Dentro de unos días entraremos en la Cuaresma, tiempo de intensa preparación espiritual para llegar con Cristo al Calvario, contemplar su Pasión y muerte para luego alegrarnos de su Resurrección.

Es verdad, es un camino largo, angosto y sacrificado que nos lleva a la penitencia personal y colectiva, pero nos transforma interior y exteriormente. Nos hace contemplar nuestra vida desde la perspectiva de la entrega y la renuncia personal para que el amor de Dios pueda crecer y adueñarse de nosotros, transportándonos a la verdadera vida de los hijos de Dios, a la vida sobrenatural, vivida en medio del mundo con total libertad y generosidad, desprendidos de lo mundano para poder saborear los bienes verdaderos y duraderos.

Jesucristo recorrió el camino del calvario solo. Los que le seguían huyeron, menos su Madre y san Juan y algunas mujeres valientes. Lo recorrió abrazado a la cruz, por amor a nosotros, sin rehuir del dolor y del sufrimiento, con el deseo ardiente de conseguirnos el perdón de nuestros pecados y la salvación de nuestras almas. Cristo nos quiere para Él, para que tengamos la felicidad plena que sólo Dios puede conceder.
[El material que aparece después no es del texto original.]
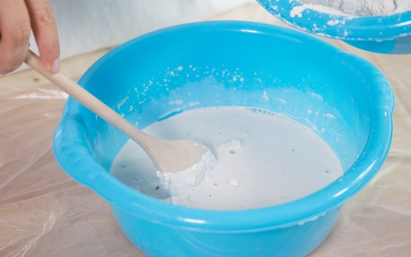 En primer lugar vierte el agua y en segundo lugar el yeso. Es importante que remuevas muy bien la mezcla y que esta quede densa. De esta manera el resultado será mucho mejor. Para remover el yeso hazlo con una cuchara de madera.
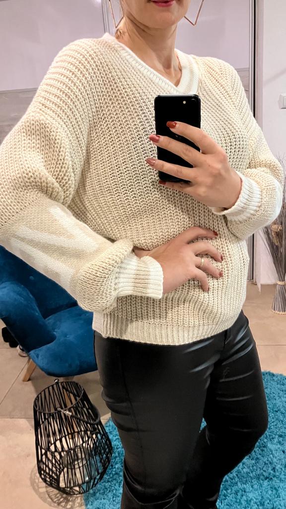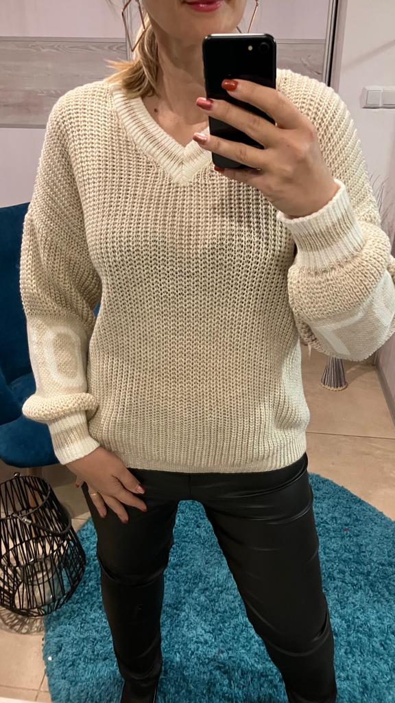 Dámsky voľný štýlový sveter v bielo-béžovej kombinácii farieb. Ležerný strih, hrubší, vpredu - vzadu hladký vzor , véčkový výstrih, zaujímavý rukáv, na rukáve nápis LOVE. Materiál 100%acryl. Veľkosť UNI (S,M,L,XL). Krajina pôvodu: Taliansko.
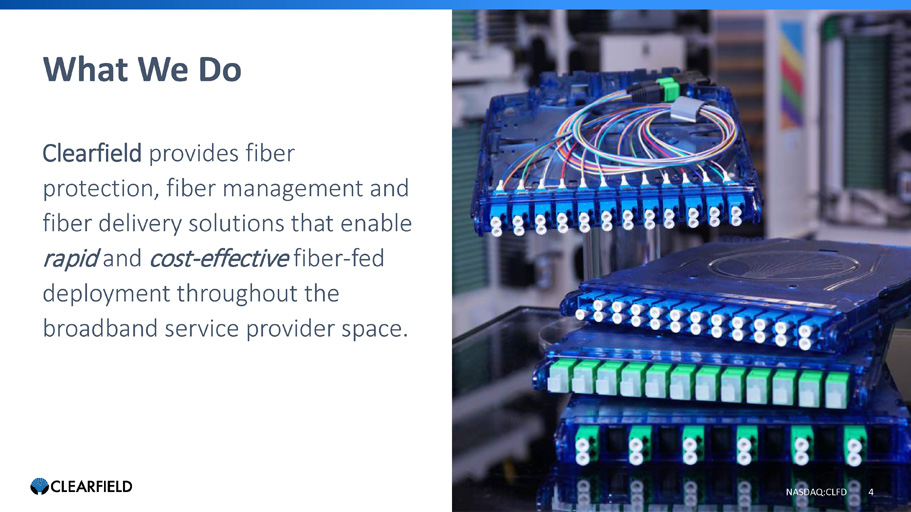 What We Do Clearfield provides fiber protection, fiber management and fiber delivery solutions that enable rapid and cost - effective fiber - fed deployment throughout the broadband service provider space. NASDAQ:CLFD 4

¿Cuál puede ser la mejor manera de recorrer este camino? Lo sabemos bien, junto a Jesús. Caminando con Él recorriendo nuestra vida ordinaria con sentido sobrenatural, con deseos de ser corredentores, haciendo con decisión y lo mejor posible aquello que tenemos que hacer, nuestras ocupaciones diarias. Para ello, el mejor modo es unirnos y unir nuestras acciones al sacrificio de Cristo en la Cruz, es decir, la Santa Misa.

Procuremos adentrarnos en el gran misterio del Sacrificio de Cristo por los hombres, preparemos bien nuestras misas y vivámoslas con la máxima piedad posible, saboreando la liturgia y descubriendo todo su significado y valor, para alcanzar una unión espiritual, y por tanto real, con el Amor de los amores, con Cristo. ¡Gocemos de la Santa Misa!, dejémonos transformar por ella. Las prácticas cuaresmales del ayuno, la abstinencia, la oración y la limosna nos permiten recorrer el camino del calvario con este deseo de unirnos a Cristo Salvador.